Today Instapundit linked to a commendable essay which talks about the definition of manhood.
On what it means to be a man.
The debate about Burke reminded me of the debate about men: what makes a man? One way of answering this question is to go about it the way the short historian approached Burke, to describe men’s beliefs and influences. The psychologist James Mahalik did exactly this in 2003 when, along with a team of researchers and postgraduates, he created a list of twelve “masculine norms . . . Winning, Emotional Control, Risk-Taking, Violence, Dominance, Playboy, Self-Reliance, Primacy of Work, Power Over Women, Disdain for Homosexuals, Physical Toughness, and Pursuit of Status.” Being a man is, in this sense, about the possession of certain qualities. Jack Donovan arrives at a similar conclusion in his book The Way of Men (2012): “Strength, courage, mastery, and honor,” he writes, “are the fundamental virtues of men because without them, no ‘higher’ virtues can be attained.”

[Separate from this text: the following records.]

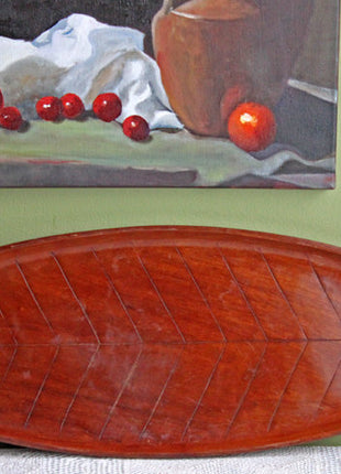 Tray or Platter. Large Solid Wood Tray in Shape of Leaf. Hand Crafted Leaf Long Platter forServing or Rustic Home... Read More
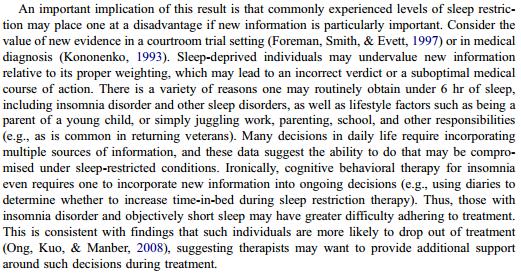 Sleep restriction makes individuals deemphasize new information in decisions or evaluations. http://www.tandfonline.com/doi/full/10.1080/15402002.2015.1028064 …pic.twitter.com/ZbqaSz4Ihm
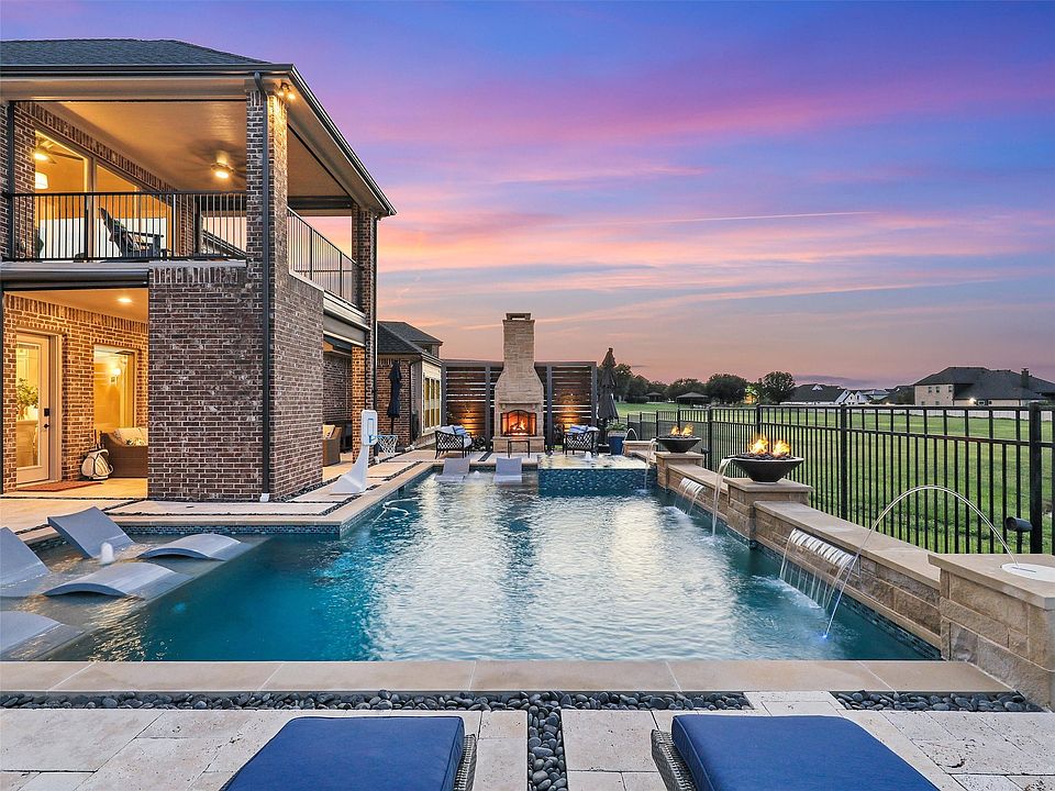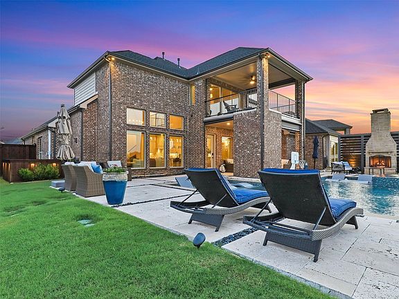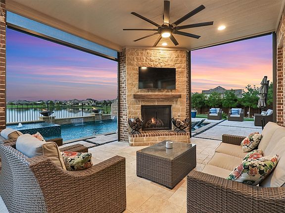 Beautiful 2-story lakeview home in highly sought-after Prosper, built in 2018 and offering 4,308 sq. ft. of exceptional living space. This property combines elegant design with modern amenities and thoughtful features throughout. The home features 4 spacious bedrooms, 4.5 baths, a private study, large dining room, and generous game room. Vaulted ceilings and hardwood flooring extend throughout, creating a warm and inviting feel. Three fireplaces add comfort and character, while oversized windows showcase natural light and stunning lake views. Designed for both everyday living and entertaining, the floor plan flows seamlessly, with a chef’s kitchen at the center of it all. The oversized laundry room provides convenience and functionality. The backyard is an entertainer’s dream, complete with a sparkling pool, outdoor living space, and putting green, all set against the backdrop of beautiful water views. Additional highlights include a 3-car garage, generator for peace of mind, storm shelter, AC in garage, 2 electric car chargers, and premium finishes throughout. This home blends comfort, practicality, and elegance, making it a rare find in Prosper. Pool table and TVS convey with property.
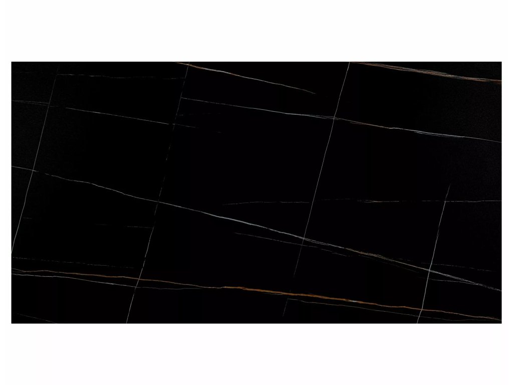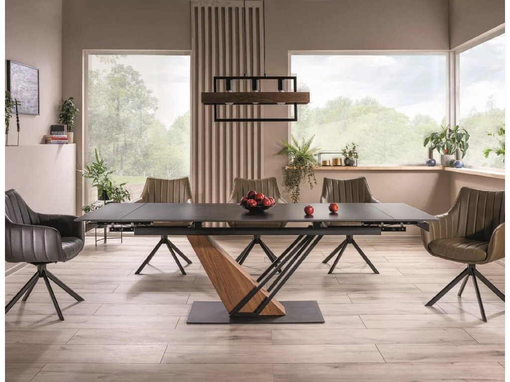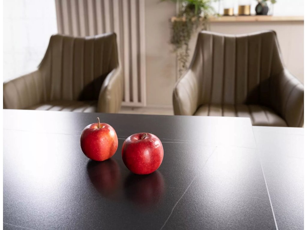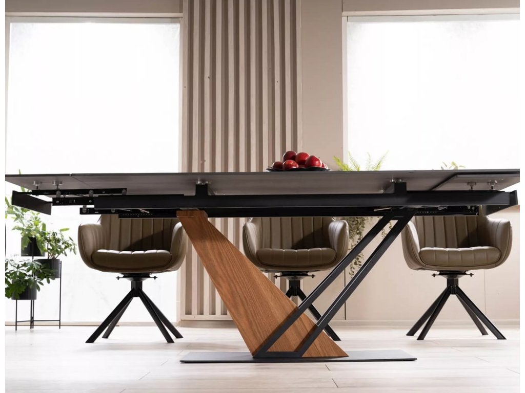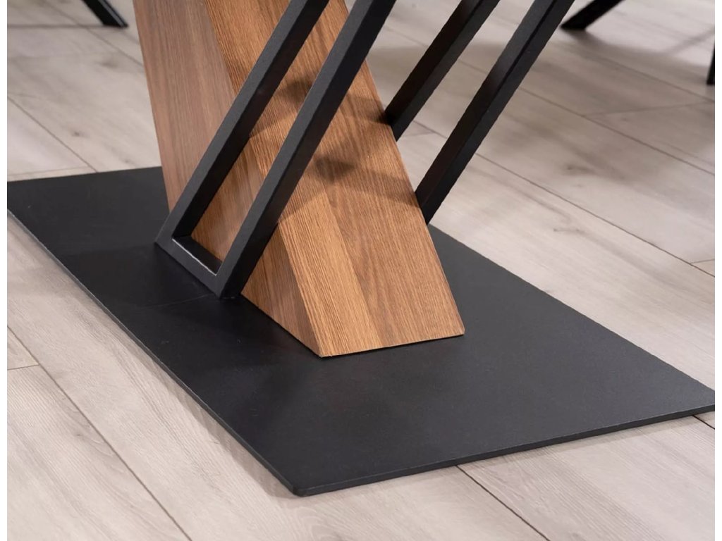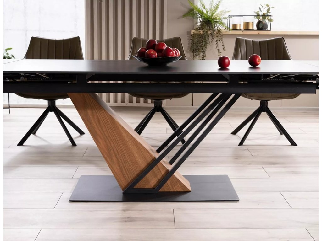Rozkládací stůl, deska: keramika, mramorový efekt, rám: MDF + dýha + kov, barva: černá / jasan + matná černá.
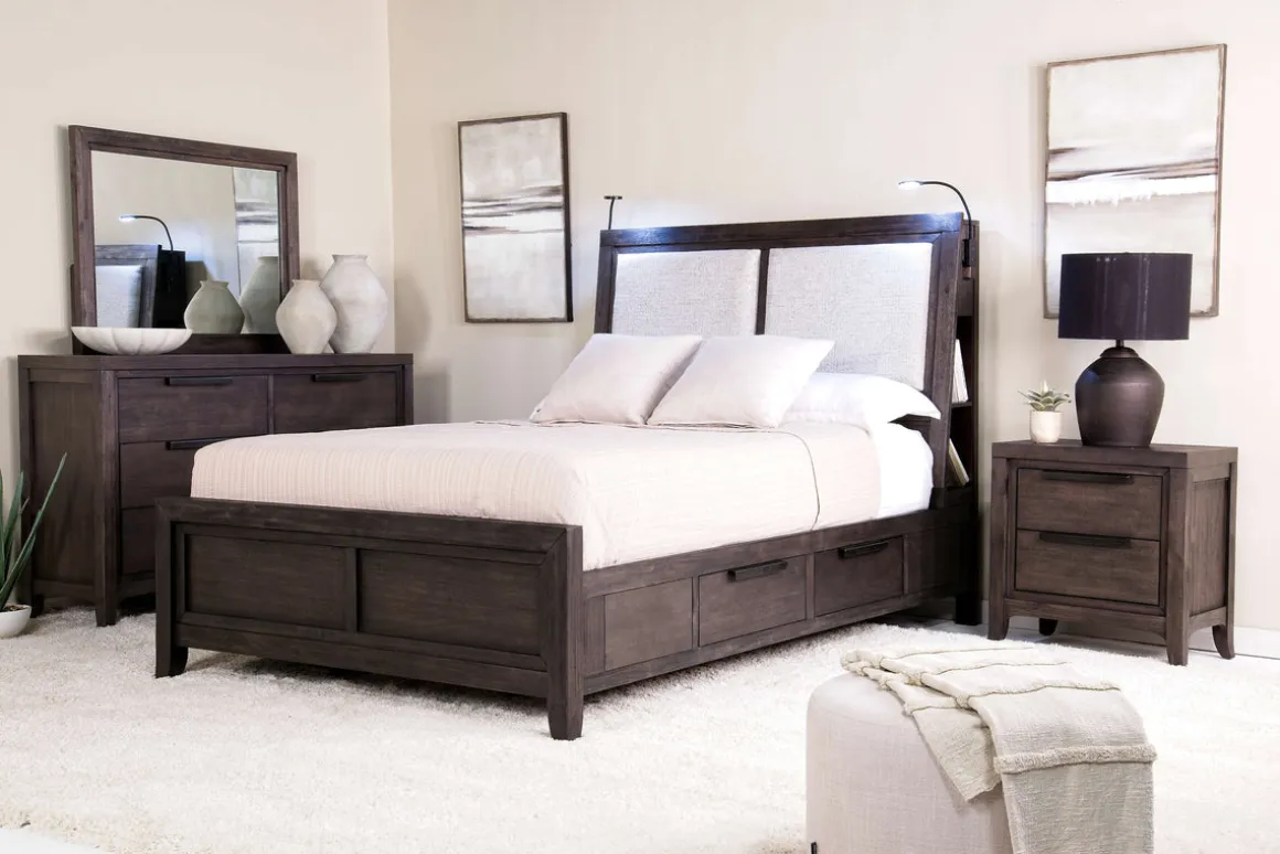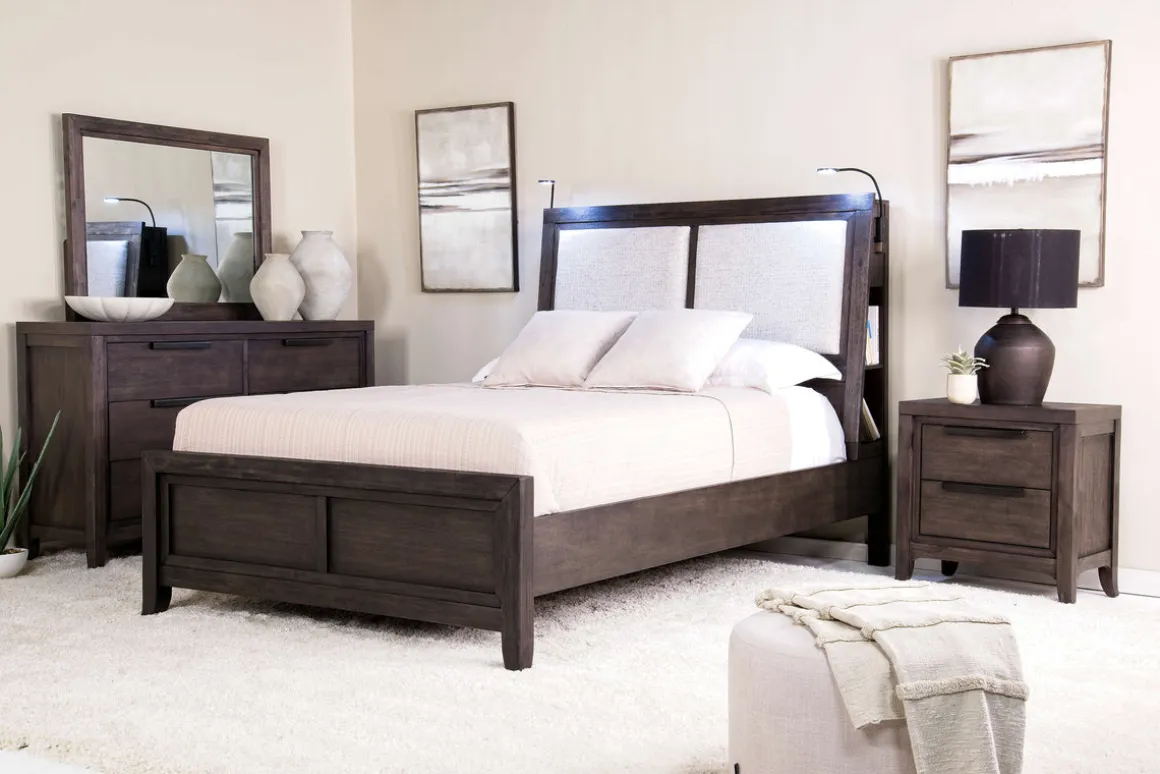 Upgrade your sleeping experience with the Riley Bookcase Bed in Carbonite, CA King. This bed blends functionality and elegance seamlessly, making it the perfect centerpiece for any transitional space. The built-in bookshelf and reading lamps offer convenience at your fingertips, ensuring you have everything you need right by your side as you unwind. And you don’t need a foundation, just place your mattress on the sturdy wood frame.Product Details:• The rich carbonite finish adds a modern touch• Enjoy the ease of on/off switch lamps for late-night reading• The tapered legs provide solid support
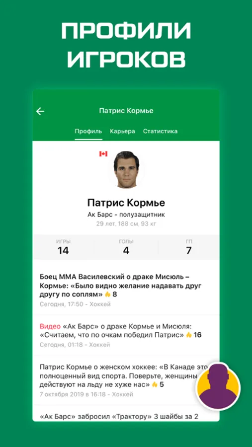 Sports.ru – все о хоккейном клубе Ак Барс – лучшее неофициальное приложение для поклонников команды из Казани. Результаты и календарь матчей, текстовые онлайн-трансляции, новости и видео - все о вашей команде, оперативно и подробно. Вы всегда будете в курсе происходящего в любимой команде и Континентальной Хоккейной Лиги. Следить за ХК Ак Барс еще никогда не было настолько удобно.
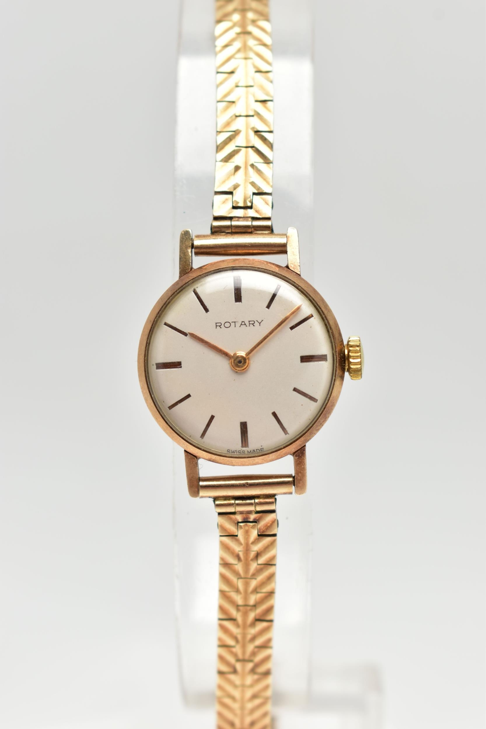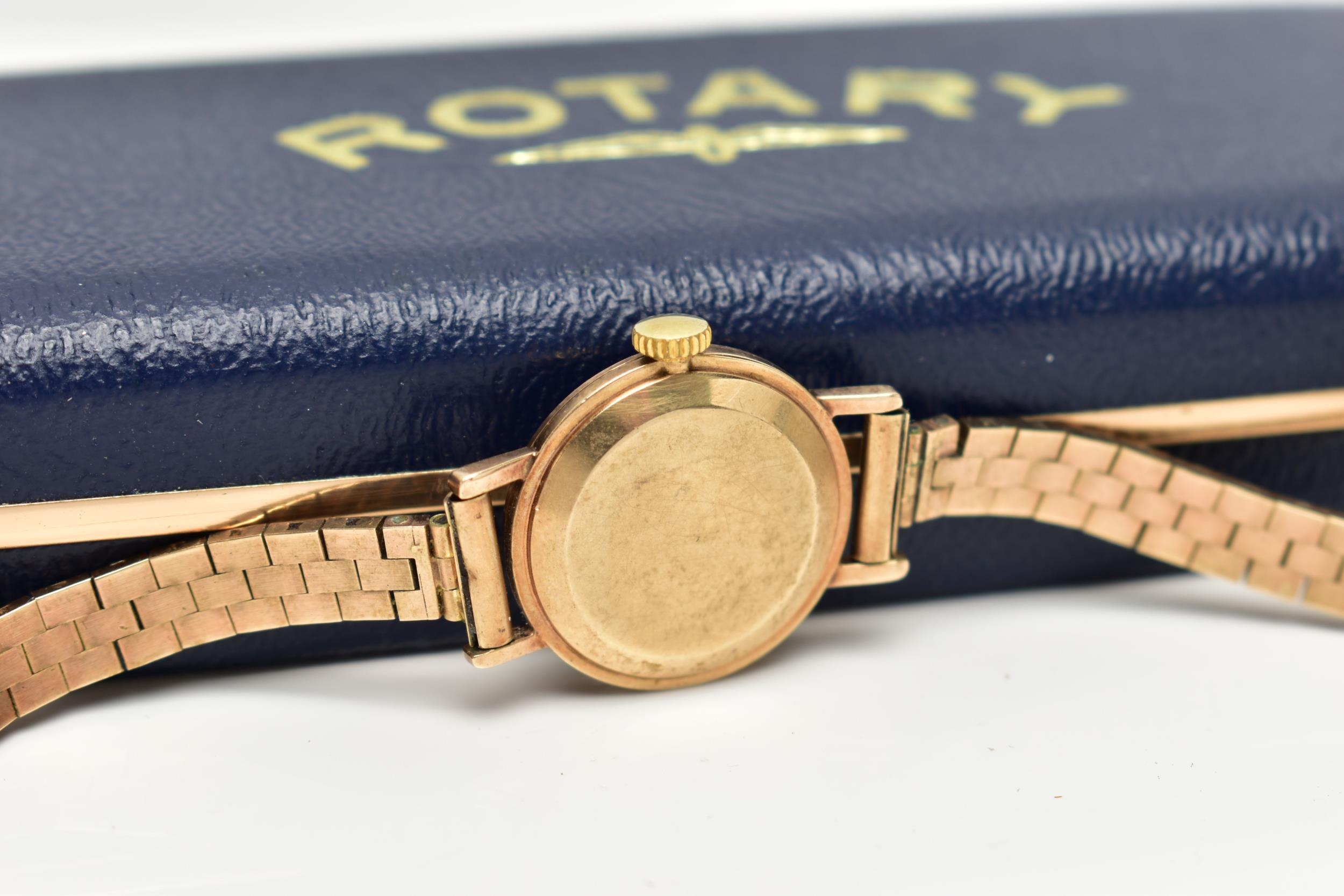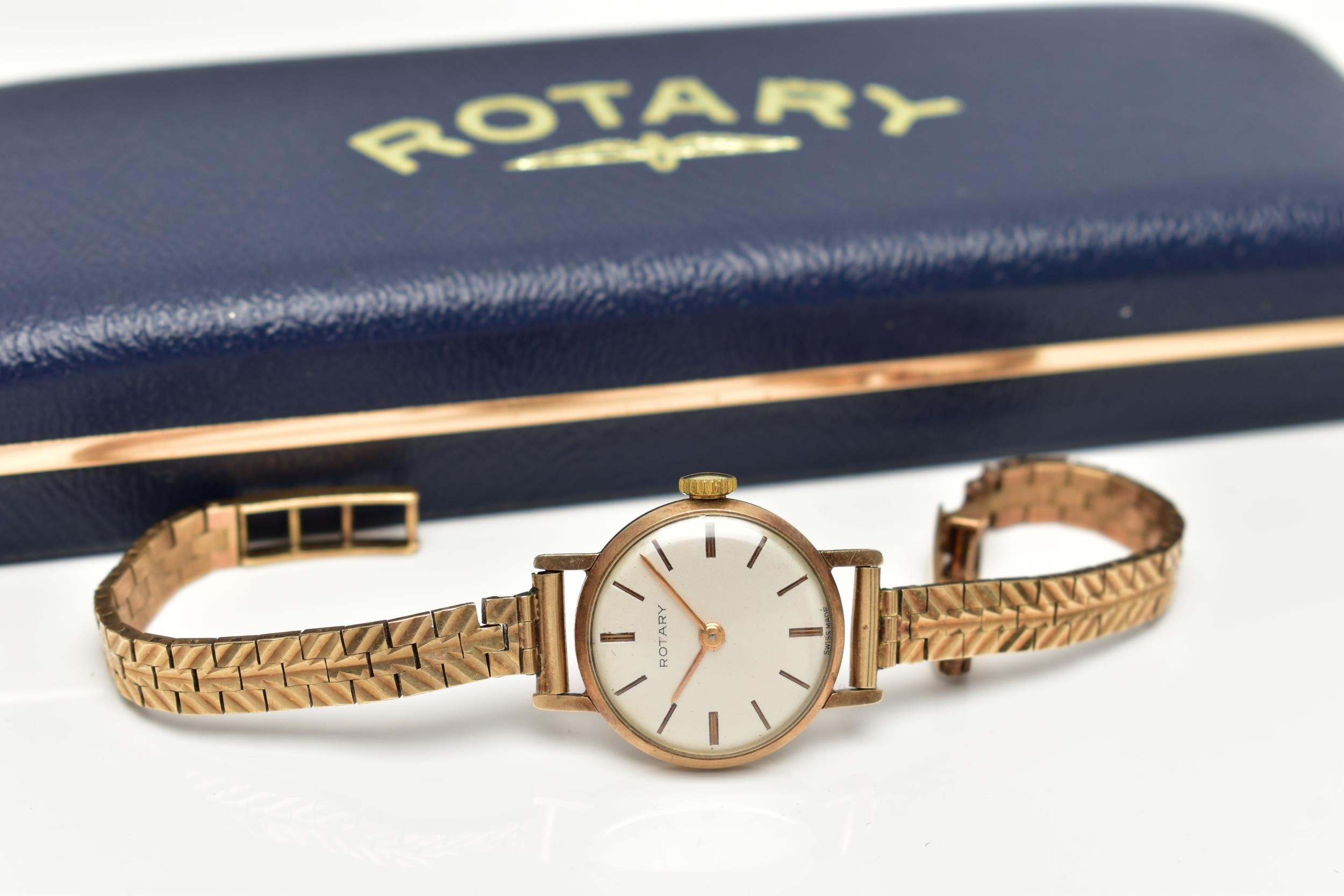 A LADY'S 9CT GOLD 'ROTARY' WRISTWATCH, manual wind, round silver dial signed 'Rotary', baton markers, gold tone hands, within a polished case, inside case back stamped 218881, hallmarked 9ct London 1961, approximate case width 21.0mm, fitted with a diamond cut pattern, articulated bracelet and folding clasp, hallmarked 9ct London 1964, length 185mm, approximate gross weight excluding movement 16.6 grams, together with a fitted signed 'Rotary' box (condition report: watch winds, sets and runs at time of cataloguing, although time keeping is untested, general light wear, would benefit from a gentle clean and polish, overall condition good)

After considering these and other perspectives, the author decides that a man can be defined by his roles as son, brother (in the sense of being a brother to all men), husband, and father.
That’s not bad, but I’ve had simple working definition I’ve become fond of, which I think covers the concept of manhood pretty comprehensively:
A “real” man is a man who does what it takes to support and protect his family, friends, community, and country using honorable means.
Same definition I have for a real woman, actually. Or any human.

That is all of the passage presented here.